=== Begin Enclosure ===

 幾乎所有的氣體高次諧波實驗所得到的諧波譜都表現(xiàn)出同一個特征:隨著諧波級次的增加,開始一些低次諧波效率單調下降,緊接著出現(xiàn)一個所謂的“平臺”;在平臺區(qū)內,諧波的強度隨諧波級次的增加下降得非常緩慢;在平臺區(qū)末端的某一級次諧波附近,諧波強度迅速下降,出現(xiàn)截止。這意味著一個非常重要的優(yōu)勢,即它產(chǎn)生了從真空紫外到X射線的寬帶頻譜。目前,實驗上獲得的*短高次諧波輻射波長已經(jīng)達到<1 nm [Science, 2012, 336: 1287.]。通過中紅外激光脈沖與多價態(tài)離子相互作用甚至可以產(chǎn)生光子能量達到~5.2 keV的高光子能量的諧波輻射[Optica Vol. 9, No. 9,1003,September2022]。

=== End Enclosure ===
=== Begin Enclosure ===

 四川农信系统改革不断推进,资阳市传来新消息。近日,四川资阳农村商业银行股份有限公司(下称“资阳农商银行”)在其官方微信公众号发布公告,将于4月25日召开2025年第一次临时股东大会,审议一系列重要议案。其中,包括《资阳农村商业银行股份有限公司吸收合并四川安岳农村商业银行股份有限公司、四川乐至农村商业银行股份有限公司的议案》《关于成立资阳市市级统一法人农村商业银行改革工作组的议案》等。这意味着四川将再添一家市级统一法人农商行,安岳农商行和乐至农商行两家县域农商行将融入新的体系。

=== End Enclosure ===
=== Begin Enclosure ===

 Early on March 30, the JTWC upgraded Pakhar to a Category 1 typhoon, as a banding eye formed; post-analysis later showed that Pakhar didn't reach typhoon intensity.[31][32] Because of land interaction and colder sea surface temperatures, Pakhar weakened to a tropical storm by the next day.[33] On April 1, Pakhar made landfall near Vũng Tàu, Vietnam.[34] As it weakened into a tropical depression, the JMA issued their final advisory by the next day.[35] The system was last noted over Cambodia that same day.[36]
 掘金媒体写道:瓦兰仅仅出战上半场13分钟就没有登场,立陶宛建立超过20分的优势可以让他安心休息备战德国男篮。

=== End Enclosure ===

- _WHAT TO WORK ON_: Retype exactly the span of lines from the one with "Early on March" through the one with "掘金媒体写道:瓦兰仅仅出战上"; include both ends and omit the rest of the material.

- _WORKED SOLUTION_:
 Early on March 30, the JTWC upgraded Pakhar to a Category 1 typhoon, as a banding eye formed; post-analysis later showed that Pakhar didn't reach typhoon intensity.[31][32] Because of land interaction and colder sea surface temperatures, Pakhar weakened to a tropical storm by the next day.[33] On April 1, Pakhar made landfall near Vũng Tàu, Vietnam.[34] As it weakened into a tropical depression, the JMA issued their final advisory by the next day.[35] The system was last noted over Cambodia that same day.[36]
 掘金媒体写道:瓦兰仅仅出战上半场13分钟就没有登场,立陶宛建立超过20分的优势可以让他安心休息备战德国男篮。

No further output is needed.